И рядом с этими светлыми, совсем простенькими и обыкновенными картинками давно прошедшего, какой странной, какой давящей и даже невероятной — точно тяжелый сон — кажется сама ежедневная петербургская явь.
«…Вышел я походить по Фонтанке. Вечер был такой темный, сырой. В шестом часу уж смеркается, — вот как теперь! Дождя не было, зато был туман, не хуже доброго дождя. По небу ходили длинными, широкими полосами тучи. Народу ходила бездна по набережной, и народ-то как нарочно был с такими страшными, уныние наводящими лицами, пьяные мужики, курносые бабы-чухонки, в сапогах и простоволосые, артельщики, извозчики, наш брат по какой-нибудь надобности; мальчишки, какой-нибудь слесарский ученик в полосатом халате, испитой, чахлый, с лицом, выкупанным в копченом масле, с замком в руке; солдат отставной, в сажень ростом, — вот какова была публика… Судоходный канал Фонтанка! Барок такая бездна, что не понимаешь, где все это могло поместиться. На мостах сидят бабы с мокрыми пряниками да с гнилыми яблоками, и все такие грязные, мокрые бабы. Скучно по Фонтанке гулять! Мокрый гранит под ногами, по бокам дома высокие, черные, закоптелые; под ногами туман, над головой тоже туман. Такой грустный, такой темный был вечер сегодня».
Светлые детские воспоминания, промозглые петербургские дни — все это переплеталось, сталкивалось в его душе, завязывалось тугими узлами сюжета, расцвечивалось найденными на ходу подробностями, все это сгущалось и формировалось, обретая живые черты живых людей… Все это становилось романом.

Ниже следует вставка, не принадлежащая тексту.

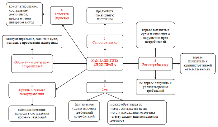 - Защиту своих прав. Потребитель может обратиться в государственные органы, если его права нарушены.
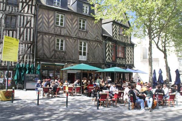 Heute sind wir ganz gemütlich ins Stadtzentrum geradelt und haben uns Rennes angesehen. Rennes ist eine Studentenstadt. Es gibt viele Bars, Kneipen und Straßencafes, die zum Verweilen einladen. Auch wir haben es uns gut gehen lassen. Und Matthes ist auch der Empfehlung von Gwen gefolgt in seiner Heimatstadt unbedingt einen "Kouign Amann" zu probieren. Das ist ein für die Bretagne typischer Kuchen. (Grüße an Gwen von Matthes: Tres bien!!!) Natürlich sind wir auch ein wenig durch die Läden gebummelt. Zum Abschluss gab es dann im Biergarten "Parc des Bois" noch einen Stopp und wir haben bei einem Glas Wein/Bier die Abendsonne genossen. Ein schöner Tag!
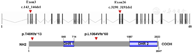 利用分析软件Name Checker (https://mutalyzer.nl/name-checker)对突变蛋白进行命名,DOCK6 c.143_146del突变序列编码蛋白质为p.Thr48Lysfs*13,DOCK6 c.3190_3191del突变序列编码蛋白质为p.Leu1064Valfs*60。利用软件Illustrator for Biological Sequences (IBS, http://ibs.biocuckoo.org/online.php)对DOCK6基因和蛋白质进行模式图的绘制,并标明复合杂合变异的位置。
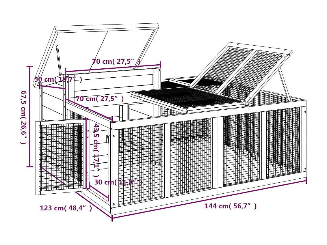 Pierre-Armand-Luc Clapier gris 144x123x67,5 cm bois de pin massif
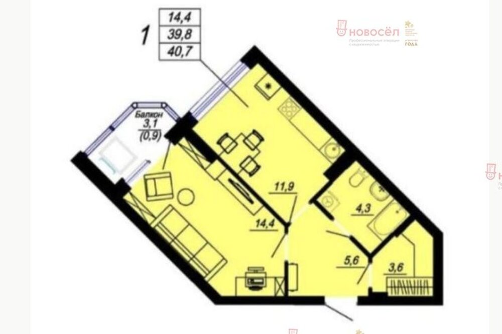 Екатеринбург, ул. Блюхера, 97 (Пионерский) - фото квартиры 23 октября 2025 90 дн. 1 31.4 4/26 5 100 000
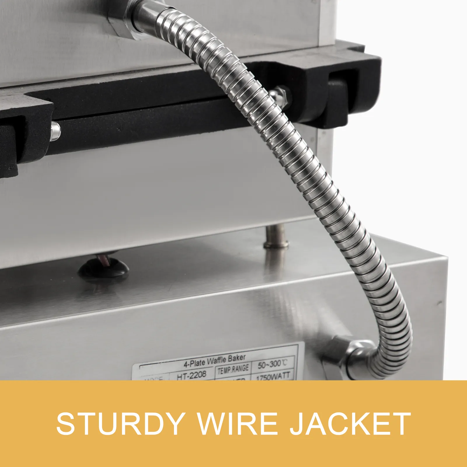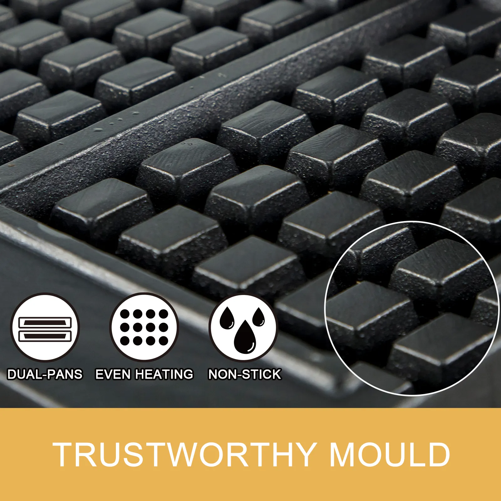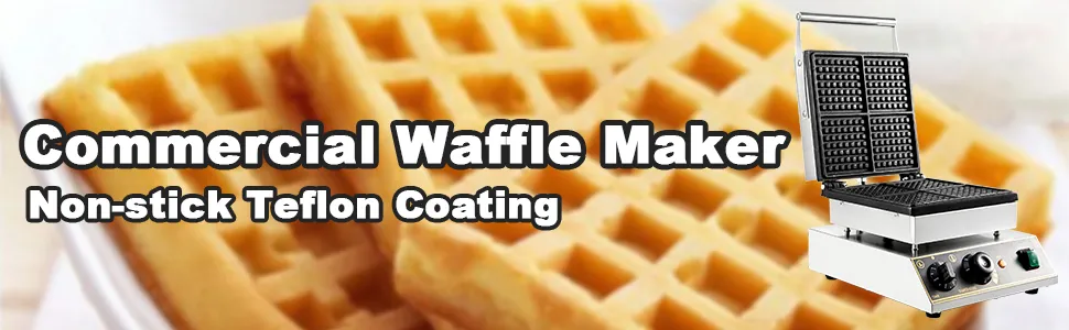 La máquina para hacer gofres adopta bandejas dobles (superior e inferior) (4 gofres a la vez). El molde tiene un tamaño de 6.1"x6.1"(155x155mm), profundidad de 0.3"(8mm). Superficie recubierta de teflón para cocinar antiadherente y mantiene su lugar ordenado.
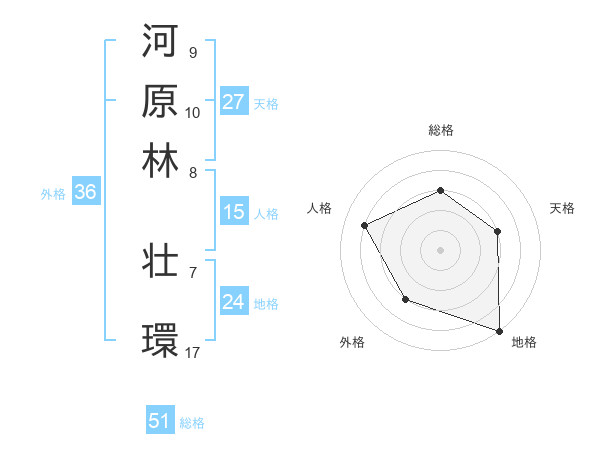 河原林 壮環さんを姓名の画数から五運を鑑定
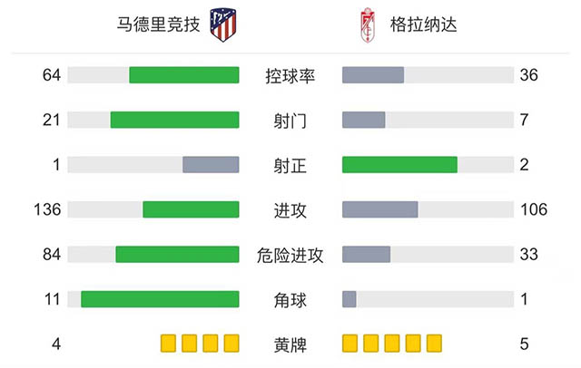 全场比赛结束,马竞0-0被格拉纳达逼平
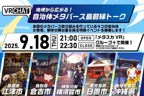 近年、多くの自治体がメタバースによる地域振興に取り組んでいます。特に神奈川県横須賀市、島根県江津市、鳥取県倉吉市、鹿児島県日置市の四つの自治体は、今後の可能性を探るための特別イベント「地域から広がる!自治体メタバース最前線トーク」を開催します。このイベントは、自治体がどのようにメタバースに関わり、その取り組みにどのような課題や工夫があったのかについて、実際の当事者が語る貴重な機会です。

«Я пойду по трудной дороге»
Всего несколько дней прошло с той минуты, как начал он своих «Бедных людей» — так назвал он роман, — а уже не было для него ничего важнее истории титулярного советника Макара Девушкина и несчастной девочки Вареньки Доброселовой. Всякое утро он точно через силу натягивал свой черный мундир и нехотя плелся в инженерный департамент. Столь дорогие для писателя утренние часы, когда голова свежа, когда мысль работает бодро, весело, смело, уходили ни на что, впустую — и безвозвратно… Самый вид чертежной, готовальни был ему ненавистен. Семь лет он послушно и добросовестно тянул лямку — зубрил, высчитывал, измерял, вычерчивал, вырисовывал. Семь лет он позволял другим командовать собой. Семь лет… Теперь довольно. Его путь был избран. Перечитав первые страницы «Бедных людей», он понял, что обретает, наконец, право начать новую, вольную жизнь. Разумеется, он вовсе не был уверен, что заработает на хлеб литературным трудом. Он плохо представлял себе, как расплатится с многочисленными долгами. Но он твердо знал, что отныне будет принадлежать только самому себе — и никому более.

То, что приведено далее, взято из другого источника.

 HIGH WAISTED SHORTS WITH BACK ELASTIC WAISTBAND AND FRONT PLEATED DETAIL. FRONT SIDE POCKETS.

Быть может, он заставил бы себя обождать до тех пор, пока окончит роман, но в середине лета прошел слух, что нескольких инженеров начальство намерено командировать в отдаленные места — не то за Урал, не то в Севастополь — для строительства крепостей. Он не стал больше медлить и в половине августа подал прошение об отставке. Его не удерживали: потеря невелика.

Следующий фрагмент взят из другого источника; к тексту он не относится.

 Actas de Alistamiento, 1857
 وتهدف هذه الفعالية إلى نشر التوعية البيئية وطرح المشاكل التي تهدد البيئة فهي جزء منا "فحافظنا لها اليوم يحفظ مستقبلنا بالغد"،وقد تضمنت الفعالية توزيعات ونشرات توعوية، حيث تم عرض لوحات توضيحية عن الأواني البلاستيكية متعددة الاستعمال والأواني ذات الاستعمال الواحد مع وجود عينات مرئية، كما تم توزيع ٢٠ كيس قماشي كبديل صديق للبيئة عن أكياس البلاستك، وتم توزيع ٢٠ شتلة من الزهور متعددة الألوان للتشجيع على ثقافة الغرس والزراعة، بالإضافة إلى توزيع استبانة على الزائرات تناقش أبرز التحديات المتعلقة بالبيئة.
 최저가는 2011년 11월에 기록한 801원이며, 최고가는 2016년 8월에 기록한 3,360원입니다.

«Его императорское величество в присутствии своея в Гатчине, октября 19 дня 1844 года соизволил отдать следующий приказ:
…По Инженерному корпусу
Увольняются от службы:
Полевой инженер подпоручик Достоевский поручиком.
Подписал: военный министр генерал-адъютант князь Чернышев».
Только тогда, когда дело было сделано, он написал Михаилу: «…Клянусь тебе, не мог служить более. Жизни не рад, как отнимают лучшее время даром. Дело в том, что я, наконец, никогда не хотел служить долго, следовательно, зачем терять хорошие годы?» И тут только впервые признавался: «У меня есть надежда. Я кончаю роман в объеме Eugenie Grandet. Роман довольно оригинальный. Я его уже переписываю, к 14-му я наверно уже и ответ получу за него».
На пути к полной свободе оставалось одно лишь препятствие — смертельно надоевшая, казавшаяся ему унизительной зависимость от московских родственников. Надо было покончить и с этим.
Петербургская улица. Акварель Ф. Баганца. 50-е годы XIX в.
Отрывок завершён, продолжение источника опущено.